Arte e comunità politica: un’introduzione

Le pubblicazioni d’arte e le gallerie hanno aperto le loro porte al pubblico all’indomani dell’elezione di Trump, allo stesso modo in cui le case editrici (come Verso Books) hanno mostrato una rinnovata energia e urgenza nell’organizzare eventi. Si potrebbero citare numerosi esempi, ma gli eventi e-flux a New York – compreso il doppio lancio di libri sulle macchine e sull’intersoggettività a dicembre – hanno comportato discussioni particolarmente esplicite sul valore della comunità artistica per i progetti politici.

Le università statunitensi

Anche i dipartimenti artistici delle università si sono mobilitati, e forse sono stati più disposti a parlare in termini esplicitamente ideologici: un caso interessante è il simposio di un giorno della New York University a dicembre su “Sense of Emergency: Politics, Aesthetics, and Trumpism’, organizzato da Andrew Weiner, che ha riunito attivisti, teorici dell’arte, artisti e altri.

Facciamo qualche distinguo

Sono necessarie alcune note su questo impulso verso la costruzione di comunità.

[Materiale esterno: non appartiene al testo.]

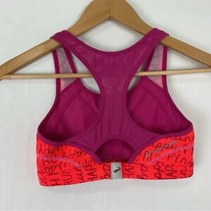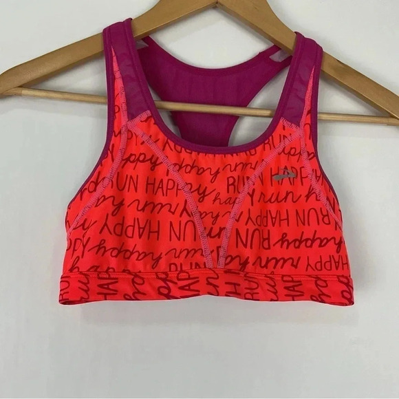 Brooks Run Happy Racerback Sports Bra. Womens Size Small 32ABC- 34B. Mesh look in the back. To me it looks like it runs small. Measures 12” across. No modeling or trades. C2

C’è il rischio che la corsa alla costruzione di collettivi avvenga senza lo sviluppo di un quadro di riferimento per la comprensione di eventi o azioni, e senza una sufficiente riflessione critica su chi è incluso all’interno della ‘comunità’ e chi è escluso.

In un brillante saggio pubblicato su thetowner.com dopo l’elezione di Trump, Elvia Wilk invita coloro che lavorano nell’arte contemporanea – molti dei quali fanno parte della “famigerata classe culturale internazionale” – a porsi queste domande critiche. “Abbiamo bisogno di costruire e mantenere reti di sostegno”, scrive Wilk.

Tuttavia, continua, “se stiamo facendo riunioni su ciò che possiamo fare, dovremmo prima di tutto usarle per discutere su chi siamo.

Quali voci mancano nei nostri spazi? Più avanti nel saggio commenta l’esclusiva mancanza di radici di gran parte della comunità artistica: “Esistiamo in sacche di aree per lo più urbane, e queste sacche si collegano direttamente ad altre sacche tramite viaggi e wifi, con un insieme spesso uniforme di principi culturali e gerarchie che si estendono attraverso di esse”. Ritornerò su alcune di queste contraddizioni della comunità artistica più avanti, quando si discuterà della complicità dell’arte nell’oppressione.
Se queste conversazioni critiche vengono avviate nello stesso momento in cui si cerca di consolidare la comunità, sembrerebbe che incontri del tipo descritto possano essere interventi politici significativi, nel nostro mondo di capitalismo avanzato il cui obiettivo rimane – nelle parole di Guy Debord – “ristrutturare la società senza comunità”.

Per lo meno, se gli eventi e le discussioni possono essere organizzati in uno spirito di calore e di solidarietà, potremmo vedere il sorgere di quella comunità a cui Giorgio Agamben alludeva una volta in modo ellittico.